工藤 我々がソーシャルメディアやガバナンスを始めてみて各国の担当者を把握できるようになったのは、表に見えない大きな価値だったと思います。各国・地域の旗ふり役の可視化ができるようになりましたし、ソーシャルメディアやオンラインを通して他の国ともパナソニックとしてつながっていたい、世界に情報を積極的に発信してきたいという想いがある担当者も多いことも見えてきました。各地から情報が入ってくるようになり、また、我々本社から企業姿勢や考え方、ビジョンを各国に伝えることで、各国での情報発信にも厚みが増します。担当者がつながることで、パナソニックから発信される情報の量と質の向上へとつながっていると思います。

――日本にある本社が情報発信の中で果たす役割とは何でしょうか。

岸原 パナソニックは基本的には各自が自主独立経営で事業を展開しています。しかしその一方で、国ごとでサイトや情報が点在するという問題が起きていました。また、オンラインの世界に国境は関係ないので、どこを対象にしたニュースだったのかわからないといった事態も発生しました。本社としては全社を横断的につないだ上で、ユーザーに対して迷わず世界各地の情報を収集していただけるワンストップのオンラインニュース発信が非常に重要だと考えていました。

工藤 過去には各国で情報が点在化していて、それをつなぐものがないという状況でしたが、その問題を解決するためにWebサイトを立ち上げ、それを支えるためのソーシャルメディアという位置づけでトリプルメディアのバランスを重要視してはじめました。いろんな地域、担当者が始めていったものが蓄積され、それを世界へと放出していくためには、核となるポータルを確保しなければなりませんし、その役割を担うのが本社である日本です。たとえば日本国内での出来事をPanasonic News Portalを通して世界へとニュース発信することで、アジア圏から反響があってリツイートされたり、フェイスブックへの投稿があったりします。

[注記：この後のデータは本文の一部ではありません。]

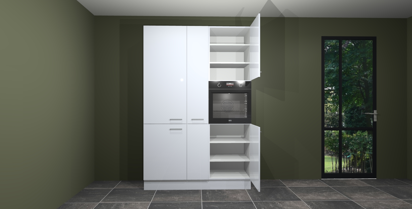 Met een modern, tijdloos design en ruime opslagruimte, zult u zich in no-time thuis voelen in uw nieuwe keuken. Uw leven wordt eenvoudiger met de soft-close deuren die voor het ultieme stille comfort zorgen - geen geluid dat u stoort terwijl u kookt. Ook is de keuken voorzien van 5 ingebouwde apparaten: een oven, inductie kookplaat, afzuigkap, vaatwasser en koelkast. Deze kunnen gemakkelijk na bestelling worden bijgewerkt naar AEG - waardoor uw luxe ervaring compleet is.

岸原 ローカルはローカルでそれぞれコアな情報は持っているのですが、他の国の情報を持っていなかったり、会社全体の取り組みのことを語る機能がなかったりします。しかし本社である日本にはすべての情報が入ってくるのに加えて、企業としてのメッセージも伝えることができるので、Panasonic News Portalの運営は日本で、使用言語は英語という体制で運営しています。本社はハブファンクションの役割を担っています。

ローカライゼーションとグローバリゼーションの両立へ

――世界へ情報を発信する上での留意点は何でしょうか。

工藤 情報の受信者が必ずしもパナソニックを知っているという前提で情報を発信しないことですね。知っている前提がある表現とそうでないものは違うので、気をつけています。また弊社を知らないことを逆手にとって表現をキャッチーにするといった工夫もしています。

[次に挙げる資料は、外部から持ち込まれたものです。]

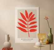 Bold Botanical: Part of the Botanical Collection, this striking art print features an abstract cut-out of vibrant red leaves set against a neutral background. Its minimalist design and bold color make it a standout piece, perfect for adding a touch of modern elegance and natural beauty to any room

――ソーシャルメディアを導入する上で、社内の説得など苦労はされませんでしたか。

山本 ソーシャルメディアに黎明期から取り組むことを理解してくれる幹部が幸いにもいたので、私たちも積極的に対応できました。

――ネガティブな反応への対応はどうされていますか。

岸原 もちろん弊社でもリスクマネジメントは確立しています。ですがその前にそもそも炎上と言われるような反応を集める時は、企業活動や経営活動にもそうした反応を集めるだけの何かがあるのでしょう。パナソニックが企業として社会へ正しく価値を提供していれば、ネガティブな反応はありませんし、あったとしても淘汰されるでしょう。以前に比べて個人の情報発信が容易になった分、企業としてリスクを危惧されることもあると思いますが、企業活動をきちんとしていればソーシャルメディア上で問題が起きることはないと思いますし、問題が起きていたとしても素早い対応ができると思います。

――今後の展望をお聞かせ下さい。

山本 パナソニックではローカライゼーションとグローバリーゼーションの両立を目指しています。やはり弊社は海外でも積極的にソーシャルメディアを展開しているので、One Panasonicとして束ねていくのが難しいですね。日本のようにmixiが主流なところもあれば、アメリカのようにフェイスブックが主流な国もあるし、はたまた中国では全然違った種類のソーシャルメディアが使われていて、といったように国ごとによってソーシャルメディアの在り方が違うので、うまくローカルとの事情を考えながら、パナソニックとしてグローバルに情報を発信していきたいと考えています。

――インタビュー雑感

「オウンドメディアが第一で、ソーシャルメディアはそのサポート役」というソーシャルメディアの使用目的やプライオリティの明確化、ペイドメディアも含めたトリプルメディアのバランスが重要であることを学びました。またグローバルにソーシャルメディアを展開することがただ単にアカウントをたくさん持ってその国の顧客をターゲットとして情報を発信するだけでは不十分であり、本社でそれらを管理統制した上で、国ごとに点在している情報をまとめあげ、再発信するという本社の役割が今回の取材を通して見ることができました。(アジャイルメディア・ネットワーク)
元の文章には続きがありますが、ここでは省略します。